Australian rules footballer and politician

Steven Wayne Oliver (born 14 January 1971) is a former Australian rules footballer who played with Carlton in the Australian Football League (AFL) during the early 1990s.

Oliver, a forward from Castlemaine, was only 16 when he was selected by Carlton in the 1987 VFL draft. Like another draftee that year, Jamie Cox, Oliver was also a gifted cricketer and captained Victoria at the Australian Under-17 Championships in 1987/88. An all-rounder, he took 11 wickets in the tournament, including that of future Test player Damien Martyn. He ultimately chose to pursue a career in football but had to wait until he was 21 to make his senior AFL debut.

His first two league games came in the opening two rounds of the 1992 AFL season but he had no impact and was not selected for the rest of the year.
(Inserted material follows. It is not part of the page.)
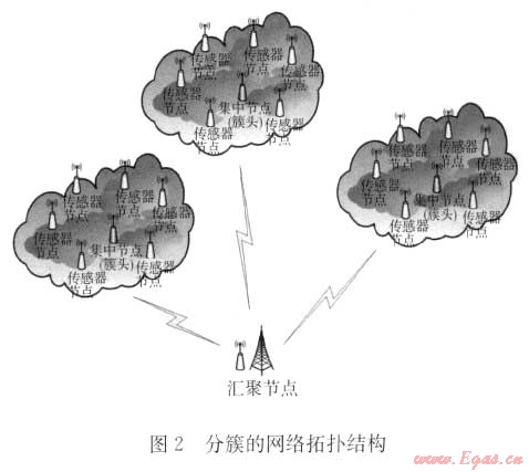 為了滿(mǎn)足管網(wǎng)監(jiān)測(cè)應(yīng)用網(wǎng)絡(luò)的設(shè)計(jì)需求,并考慮IEEE802.15.4標(biāo)準(zhǔn)(包括用于低速無(wú)線(xiàn)個(gè)人域網(wǎng)(LR-WPAN)的物理層和媒體接入控制層兩個(gè)規(guī)范)和ZigBee規(guī)范在網(wǎng)絡(luò)實(shí)現(xiàn)方面的支持,提出了面向管網(wǎng)監(jiān)測(cè)應(yīng)用的多層次分簇的無(wú)線(xiàn)傳感網(wǎng)絡(luò)架構(gòu),如圖2所示。為提高網(wǎng)絡(luò)的可擴(kuò)展性,同時(shí)降低網(wǎng)絡(luò)管理的復(fù)雜度,采用分簇的網(wǎng)絡(luò)結(jié)構(gòu)設(shè)計(jì),即將監(jiān)測(cè)網(wǎng)絡(luò)劃分為若干個(gè)簇,每個(gè)簇由一個(gè)簇首和若干個(gè)簇內(nèi)成員組成;低一級(jí)的簇首是高一級(jí)簇的簇內(nèi)成員,簇內(nèi)成員只與簇首節(jié)點(diǎn)進(jìn)行直接的通信,而簇首節(jié)點(diǎn)則負(fù)責(zé)數(shù)據(jù)在更大范圍內(nèi)的路由與轉(zhuǎn)發(fā);最高層的簇首為集中節(jié)點(diǎn)與匯聚節(jié)點(diǎn)直接通訊。

He instead had a highly successful year with Castlemaine in the Bendigo Football League (BFL), kicking over 100 goals in the home and away season, before finishing the season with a premiership.

Oliver made six AFL appearances in 1993 and performed well when put at full-forward, filling in for an injured Stephen Kernahan. By the time the finals came he was out of the side and did not participate in Carlton's run to the grand final. After putting together just five games in 1994, Oliver returned home to Castlemaine for good.
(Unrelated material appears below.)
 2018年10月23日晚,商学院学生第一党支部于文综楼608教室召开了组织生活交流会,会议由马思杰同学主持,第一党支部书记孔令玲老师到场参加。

He topped the BFL goal-kicking on three further occasions, in 1996, 2000 and 2005. In 2000 he had reached the one hundred goal mark for a third time, having also achieved the feat back in 1991 after a strong finals series. Castlemaine were the premiership winners in his two most prolific seasons, 1992 and 2000. He also won three Castlemaine "Best and Fairest" awards and towards the end of his time at the club became just the second player in BFL history to reach 1000 career goals.

Oliver was the manager of the Bendigo Golf Club after a five-year stint as the General Manager of the Bendigo Football Netball League, he is currently the manager at PFD Bendigo, and in 2010 ran as a National Party candidate for the seat of Bendigo West in the state election. Although the vote count was close enough to be decided by preferences, Oliver was unable to stop Maree Edwards from retaining the seat for Labor.